But when that first contraction came she winced hard, moaned, then went quiet and fearful.
It was nighttime and the girls were in their lounge watching a video. Mary Riordan and Maria Mollo noticed her changed behavior and Mary knocked on Sue’s bedroom door.
‘I think something’s happening with Maria.’ Lily the bulldog was with her, excited to see Sue.
‘Which one?’ Sue asked, slipping on shoes.
‘The Minion.’ She had the big eyes and glasses. Mary’s nickname for Maria Mollo was Eeyore, the depressed donkey from Winnie the Pooh. Sue had once asked what the Marias called her and Mary had said, ‘Don’t know. Her Royal Highness most likely.’

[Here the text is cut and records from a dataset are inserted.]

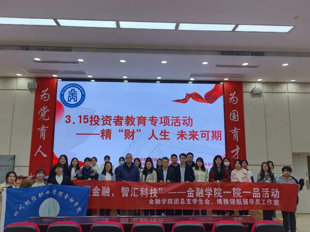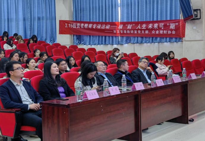 3月15日下午,金融学院于教学楼B栋213教室开展了以“精‘财’人生,未来可期”为主题的3.15投资者教育专项活动,参会嘉宾分别有:华西期货有限责任公司高级顾问—黄怡中;华西期货投教基地负责人,四川长江职业学院客座教授,川港金融实验中心副主任,电子科技大学成都学院专家讲师赵宇超;华西期货投教基地公益讲师,四川长江职业学院客座讲师王文龙;7790cnm必发集团副院长罗潇以及金融学院的老师和学生代表。
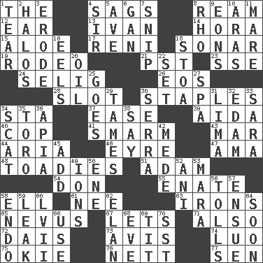 ACROSS 1. Definite Article 4. Settles 8. 480, 500 or 516 sheets of paper 12. Hearing organ 13. "Terrible" tsar 14. Israeli folk dance 15. _ vera 17. Painter Guido (1575-1642) 18. Underwater navigation system 19. Cowboy competition 21. Pacific Standard Time (abbr.) 23. Compass dir. 24. Former Milwaukee Brewers owner Bud 26. Greek goddess of the dawn 28. Narrow, elongated depression 30. Paper fasteners 34. R.R. building 37. Comfort 39. Opera by Verdi 40. Police officer (slang) 41. Excessive but superficial compliments 43. Spoil 44. Operatic vocal solo 46. Jane of fiction 47. Nanny (var.) 48. Sycophants 51. First of billions? 54. Spanish title 55. Maternal 58. Pipe bend 61. Born 63. Metal shackles 65. Congenital growth or mark on the skin 67. Allows 71. In addition 72. Raised platform 73. Deliberation 74. Nilotic language 75. Migrant worker of the '30s 76. Remaining after all deductions 77. Elected rep. DOWN 1. Pull into pieces 2. Rings 3. Wear away 4. Title for a knight 5. "___ Maria" 6. Separate the seeds from cotton 7. Clip 8. 17th letter of the Greek alphabet 9. Immeasurably long periods of time 10. Ancient river in northeast Turkey 11. Female horse 16. Snakelike fish 18. Portico 20. Lubricate 22. Arrange properly for use 25. Moves 27. Health resort 29. Softens 30. Spanish missionary in California 31. Pale green bean 32. Dutch treat 33. "Two Mules for Sister ____" 34. Scram! 35. "Corrida" creature 36. Capital of Western Samoa 38. Declare 42. Ancient Persian 45. Say or write further 49. Charged atoms 50. Compass dir. 52. Cuckoo 53. Hindu Mythology: god of death 56. For Whom the Bell _____ 57. Follow as a consequence or result 58. Inside; within (prefix) 59. Path through which fluid escapes 60. 57 in ancient Rome 62. Enthusiasm 64. Within a short period 66. Purpose 68. Night before a holiday 69. Teat (slang) 70. Fast jet (abbr.)
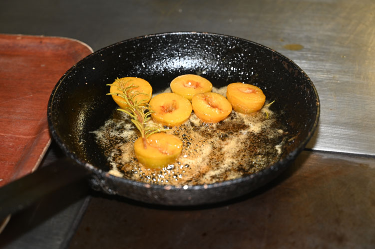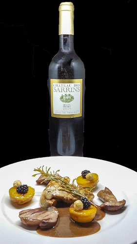 Pan-fried Foie Gras, porcini mushrooms, reine-claude, honey and rosemary compote, condiment with wild blackberry and roasted hazelnut.
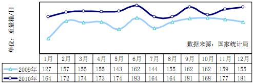 水泥產(chǎn)量高位回落。據(jù)統(tǒng)計 2010 年12 月水泥產(chǎn)量 16996.2 萬噸,同比增長 16.4%,日均產(chǎn)量環(huán)比下降 6.85%,2010 年全年累計水泥產(chǎn)量 18.68 億噸,同比增長 15.5%。
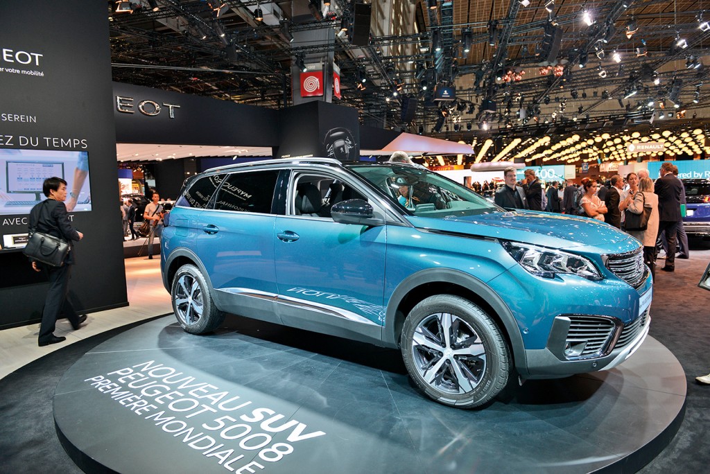 รถ เอสยูวี อีกรุ่นหนึ่งซึ่งค่าย "สิงห์เผ่น" นำออกอวดตัวแบบ "ครั้งแรกในโลก" ที่งานนี้ คือ รถติดป้ายชื่อ เปอโฌต์ 5008 (PEUGEOT 5008) ที่เห็นในภาพเล็กขวามือ นับเป็นรถรุ่นที่ 2 และเป็นรถขนาด 7 ที่นั่ง ซึ่งต้องรอจนถึงฤดูใบไม้ผลิของปี 2017 จึงจะเริ่มออกโชว์รูมแทนที่รถชื่อเดียวกันรุ่นปัจจุบัน ซึ่งอยู่ในสายการผลิตมายาวนานตั้งแต่ปี 2009 และเป็นรถ เอมพีวี ไม่ใช่ เอสยูวี ตัวถังที่ยาวประมาณ 4.720 ม. ออกแบบได้ดีไม่น้อยหน้ารถอนุกรมน้องที่เปิดตัวพร้อมกัน ห้องโดยสารที่ดูทันสมัยมากก็เป็นผลลัพธ์ของการออกแบบที่ค่ายนี้ตั้งชื่อว่า PEUGEOT I-COCKPIT เช่นกัน ที่ดูจะเหนือกว่าก็คือ ระบบความปลอดภัยที่ติดตั้งอุปกรณ์ไว้เพียบ รวมทั้ง AEBS หรือระบบห้ามล้อฉุกเฉินซึ่งจะทำงานโดยอัตโนมัติใน 3 กรณี คือ เมื่ออาจชนกับรถที่วิ่งสวนมาขณะวิ่งเร็ว 5-140 กม./ชม. เมื่ออาจชนกับรถที่จอดขณะวิ่งเร็วไม่เกิน 80 กม./ชม. และเมื่ออาจชนคนเดินถนนขณะวิ่งเร็วไม่เกิน 60 กม./ชม.

Sue stayed up with Maria after the other girls went to bed. She didn’t bother to put her up in stirrups. An exam would come later. A quick palpation of her belly while she reclined on the sofa was enough for the experienced midwife. The next contraction was the real deal, real enough for Sue to wake up Mrs Simpauco. Maria’s English was coming along but Sue wanted communications to be perfect. After telling the girl what the next several hours would be like, Sue let Mrs Simpauco return to bed until needed again.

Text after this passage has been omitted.